SCG does not conceal its plan to continue exploiting other regional markets. In 2012, together with Vietnam, Indonesia was also the targeted market for SCG to expand its business to take full advantage of the available materials and low labor force there.

However, SCG does not intend to set up new businesses in Vietnam. The current gloomy real estate market, the high inventories of houses and building materials in Vietnam have prompted it to take a shortcut to enter the market.

Through SCG Building Materials, SCG spent baht7.2 billion to buy 85 percent of stakes of Prime Group, the Vietnamese biggest tile manufacturer which can provide 75 million square meters of products, or 33 percent of the output in Vietnam.

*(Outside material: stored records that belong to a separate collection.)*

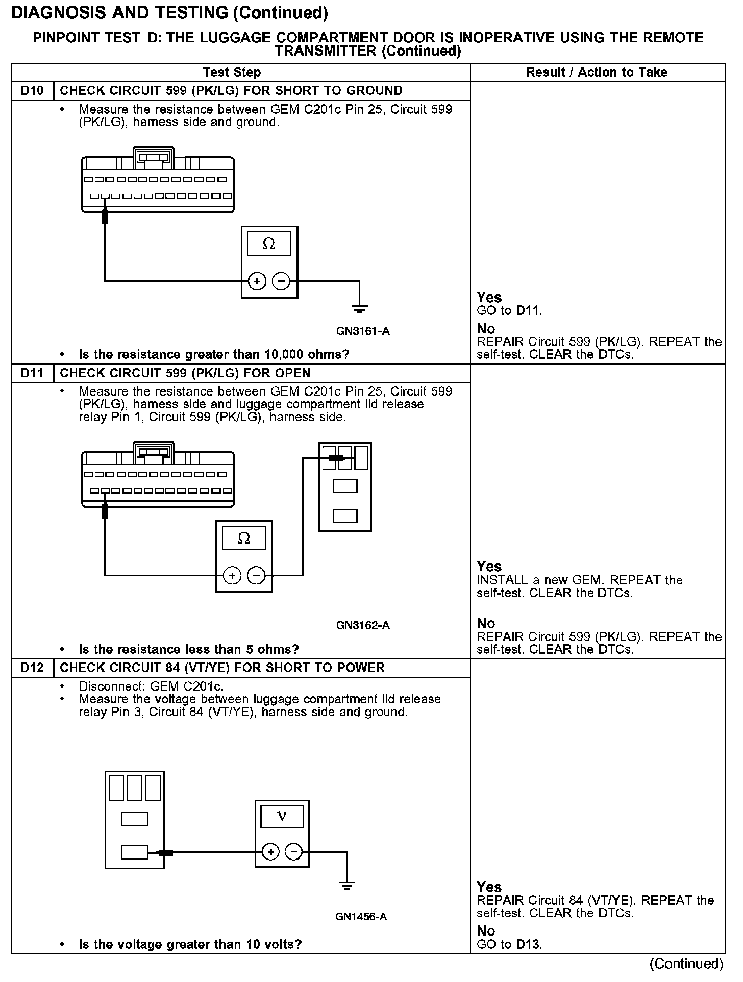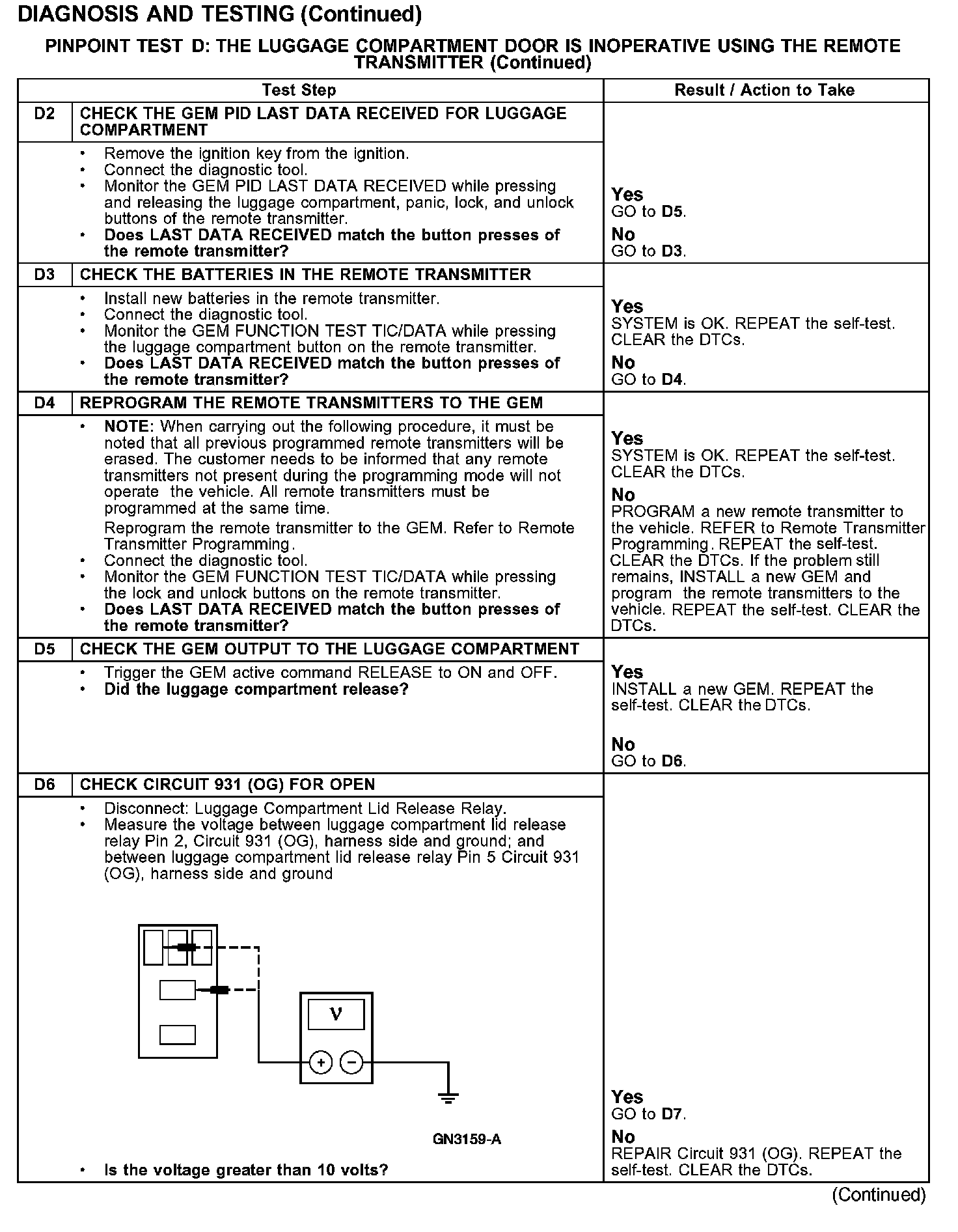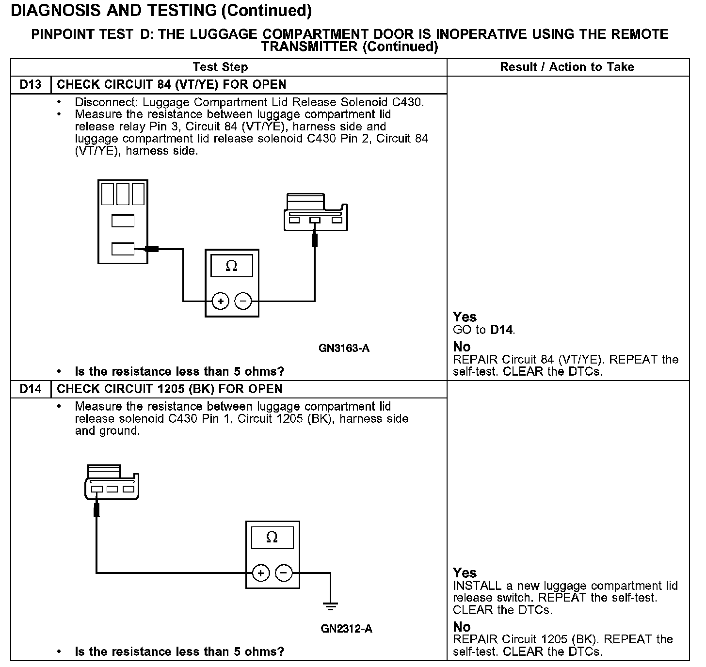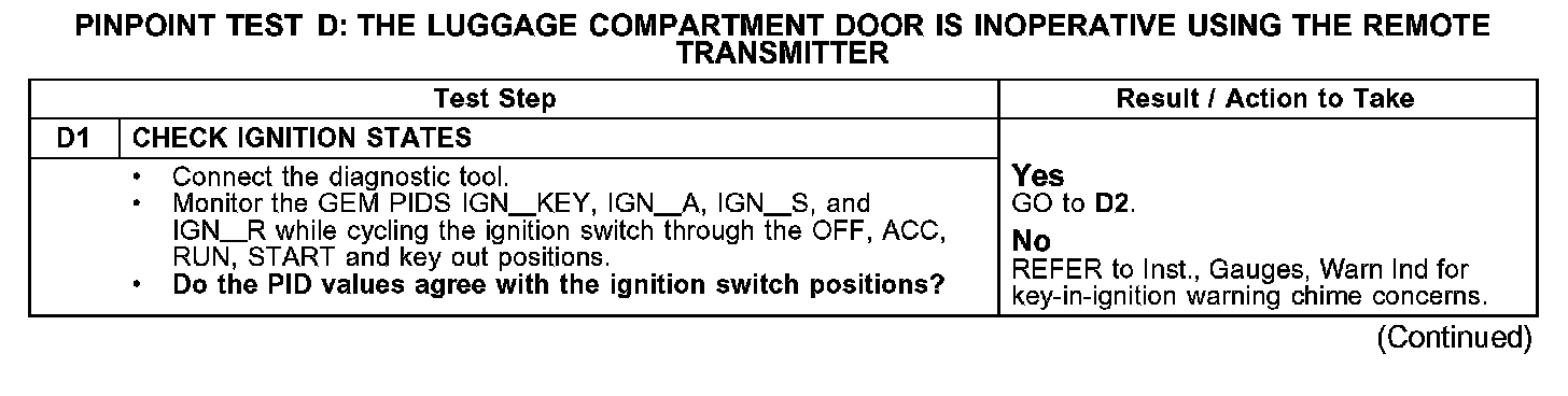 PINPOINT TEST D: THE LUGGAGE COMPARTMENT DOOR IS INOPERATIVE USING THE REMOTE TRANSMITTER
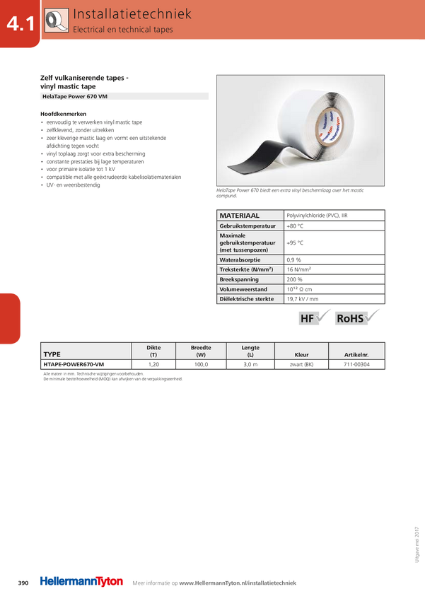 Taśma klejąca HellermannTyton 711-00304 HTAPE-POWER 670-VM-PVC/IIR-BK (3) (D x S) 3 m x 10 cm 3 m 1 szt.
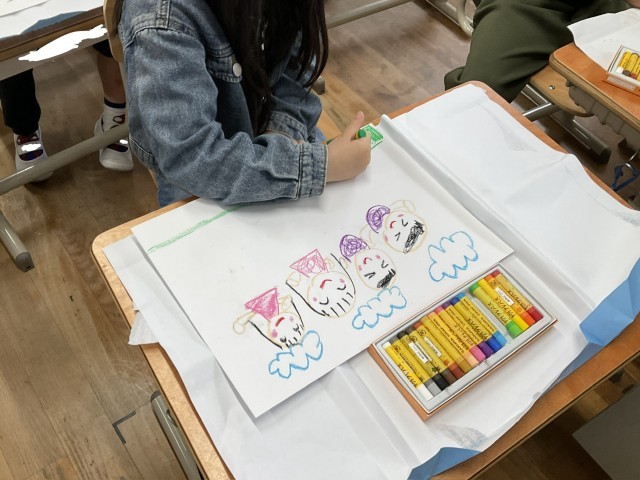 自分の好きなものを想像したり出し合ったりし、どのような形や色で表すかを考えました。そして、形や色を工夫しながら、楽しく表しました。
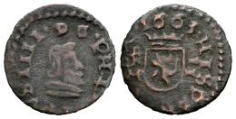 Felipe IV (1621-1665). 2 maravedís. 1663. Trujillo. M. (Cal-172 var). (Jarabo-Sanahuja-M778). Ae. 0,53 g. Ceca a izquierda. Rara. MBC-. Est...35,00.
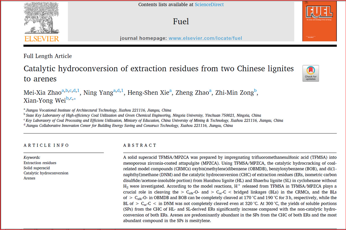 近日,我校建筑建造学院赵美霞博士以第一作者身份在能源领域著名期刊Fuel(中科院I区,影响因子5.578)上发表了题为《Catalytic hydroconversion of extraction residues
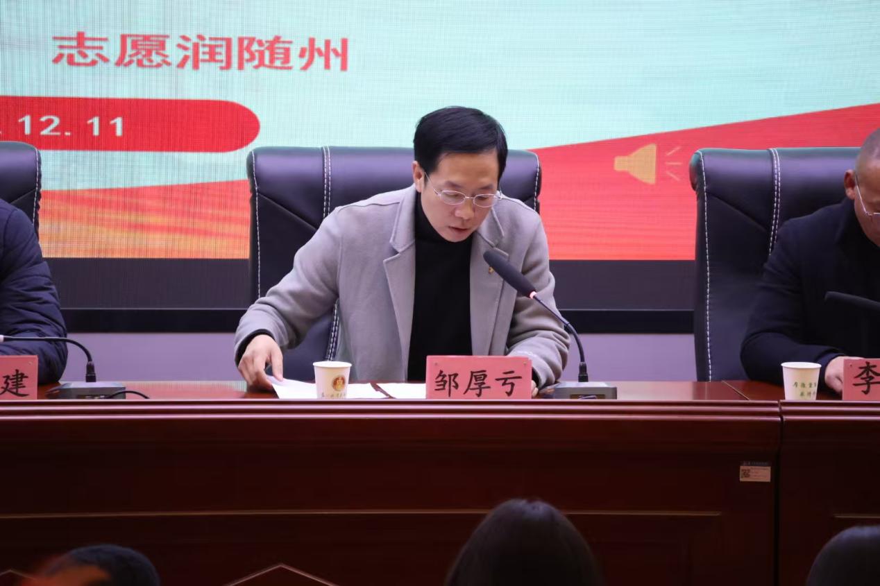 12月11日,随州职业技术学院在学术报告厅举行“神农青穗”志愿服务总队授旗仪式暨志愿服务能力提升培训。校党委委员、副校长邹厚亏,随州市委社会工作部四科科长徐智建,随州市志愿服务联合会会长李冰出席活动。学校党委宣传部、学生工作处、团委等部门负责人及各二级学院志愿服务队师生代表参加。

Also in 2012, SCG, through its subsidiaries, bought 23 percent and 20 percent of Tien Phong and Binh Minh Plastics Companies. The deals were worth baht1.3 billion.

In the chemicals manufacturing sector, SCG, together with Qatari and a Vietnamese partner, received the license for the chemical complex worth $4.5 billion in the southern province of Ba Ria – Vung Tau.

Analysts believe that these are not the final deals of SCG in Vietnam, and the big guy are still seeking the opportunities to buy Vietnamese small and medium enterprises operating in the fields that SCG is developing.

Local newspapers recalled a statement of SCG made three years ago that SCG would invest some $9 billion in Vietnam in the next three years.

Vietnam, an ideal leverage market

Not only SCG, but other big Thai groups have expressed their satisfaction about their business performance in Vietnam

The Nation in late 2012 quoted Deputy President of CP Vietnam Corp Sooksan Jiumjaiswanglert as saying that though foreign investors are eyeing Myanmar, CP still considers Vietnam an important market thanks to its high growth rate, from which CP would make further steps towards the other regional markets of Laos, Cambodia and China.

CP Group has announced that in 2013-2015, it would spend baht50 billion to expand business in emerging markets.

Setting foot in Vietnam in 1993 with the animal feed manufacturing factory in Dong Nai province, CP Vietnam is now leading the animal feed market.

The CP’s ambition to scale up its business in Vietnam can be seen in its decision to pay twice as the price to acquire the 40 percent s stakes of Minh Phu JSC, the biggest shrimp processing and export company. However, the deal has failed.

Don T, the Thai businessman, said the outstanding feature of Thai investment is that the investors don’t spend money in too many different business fields, while they would only focus on their forte sectors. Distribution is one of the sectors.

“Thai goods have more reasonable prices than the European products, while they are more favored by Vietnamese than Chinese goods. This is the reason which prompts Thai to open distribution chains in Vietnam,” he said.

Mongkol Banthrarungroj, Vice President of Thai Corp International said it plans to set up a retail center in Vietnam in 2013 where 70 percent of the goods to be displayed would be sourced from Thailand.